Global seismic monitoring as probabilistic inference
Nimar Arora, Stuart Russell, Paul Kidwell, Erik Sudderth
They used graphical models to infer if earthquakes and other seismic events (e.g. nuclear tests) are noise (from local events near a seismic sensor) or from a genuine event, which should be noticed by multiple seismic sensors.

A Bayesian Approach to Concept Drift
Stephen Bach, Mark Maloof
This paper is also similar to the Adams & MacKay change point framework. They replaced the base model (UPM) with a discriminative classifier (such as Bayesian logistic regression). They admitted to fitting some of the hyper-parameters to the test, which is cheating.

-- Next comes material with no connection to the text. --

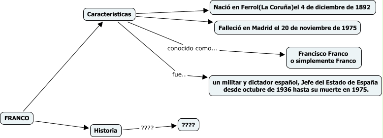 Este mapa conceptual tiene información relacionada a: 25.Alfonso diaz camacho.franco, FRANCO Caracteristicas, Caracteristicas Nació en Ferrol(La Coruña)el 4 de diciembre de 1892, Caracteristicas conocido como... Francisco Franco o simplemente Franco, Caracteristicas Falleció en Madrid el 20 de noviembre de 1975, Historia ???? ????, Caracteristicas fue.. un militar y dictador español, Jefe del Estado de España desde octubre de 1936 hasta su muerte en 1975., FRANCO Historia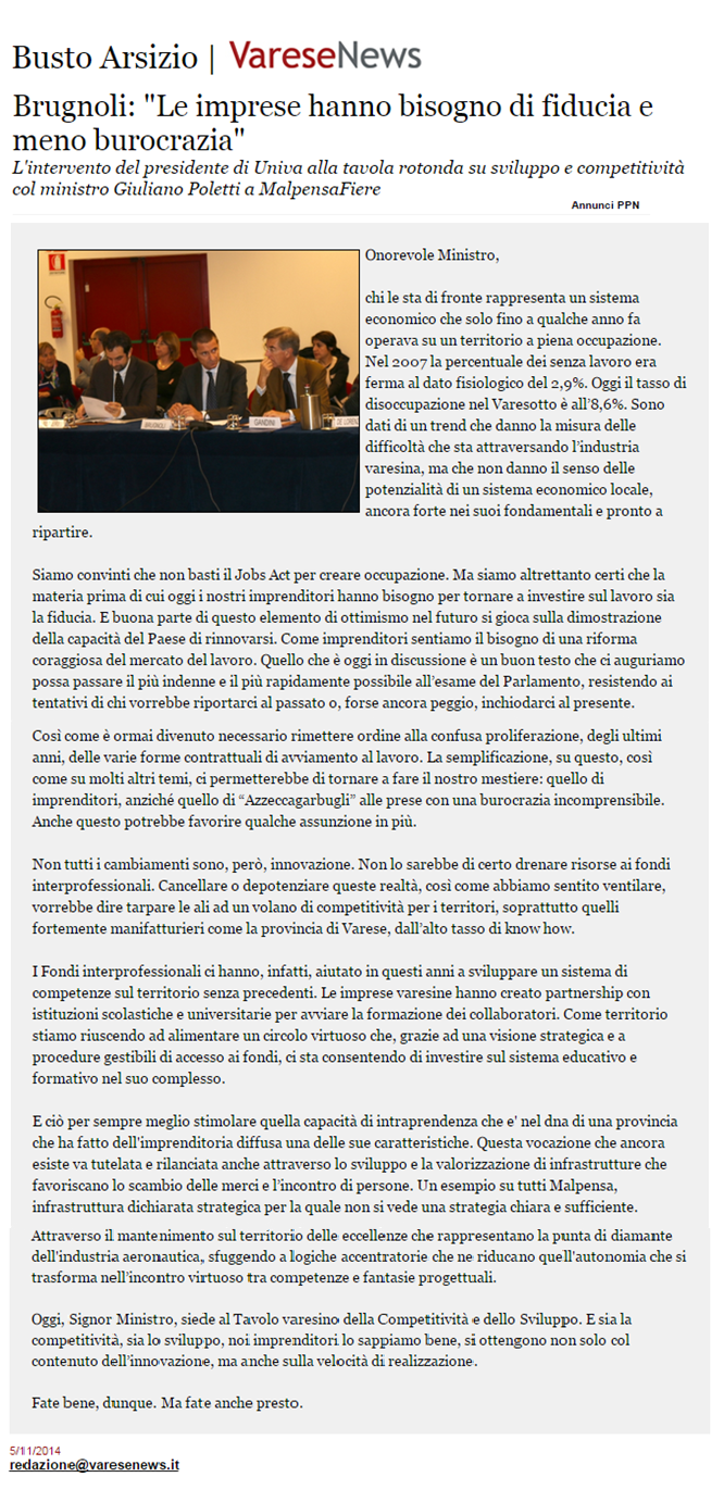 - Brugnoli:"Le imprese hanno bisogno di fiducia e meno burocrazia"Testata: VareseNews

However, they tried to justify it by saying that it is inappropriate to try to learn the frequency of concept drifts (change points) from training data. I don't think the argument is coherent.

Predicting Execution Time of Computer Programs Using Sparse Polynomial Regression
Ling Huang, Jinzhu Jia, Bin Yu, Byung-Gon Chun, Petros Maniatis, Mayur Naik
They did an analysis of programs to predict their execution time. The novelty of the paper is that they created features by "splicing" the program; they found small snippets of the program that could be executed quickly. They used the output of these snippets as features for a LASSO regression with polynomial regression. Polynomial basis functions are sensible since the run-time of a program is usually approximately linear, quadratic, or cubic in some aspect of its input. I pointed them to Zoubin's polybayes.m demo as a way of selecting the order of a polynomial from data. Symbolic regression using Eureka might also be illuminating.

Slice sampling covariance hyperparameters of latent Gaussian models
Iain Murray, Ryan Adams
Iain presented a some tricks for transforming the sample space in GP classification to drastically improve the convergence of sampling GP hyper-parameters. Iain is a fan of re-parameterizing models to spaces that makes sampling easier. He claims the naive sampling method gets stuck in an "entropic barrier." He says this a third and often ignored, but common, failure mode of MC methods. The are other two are: the sampling method getting stuck in one mode of the posterior and dimensions that are highly correlated.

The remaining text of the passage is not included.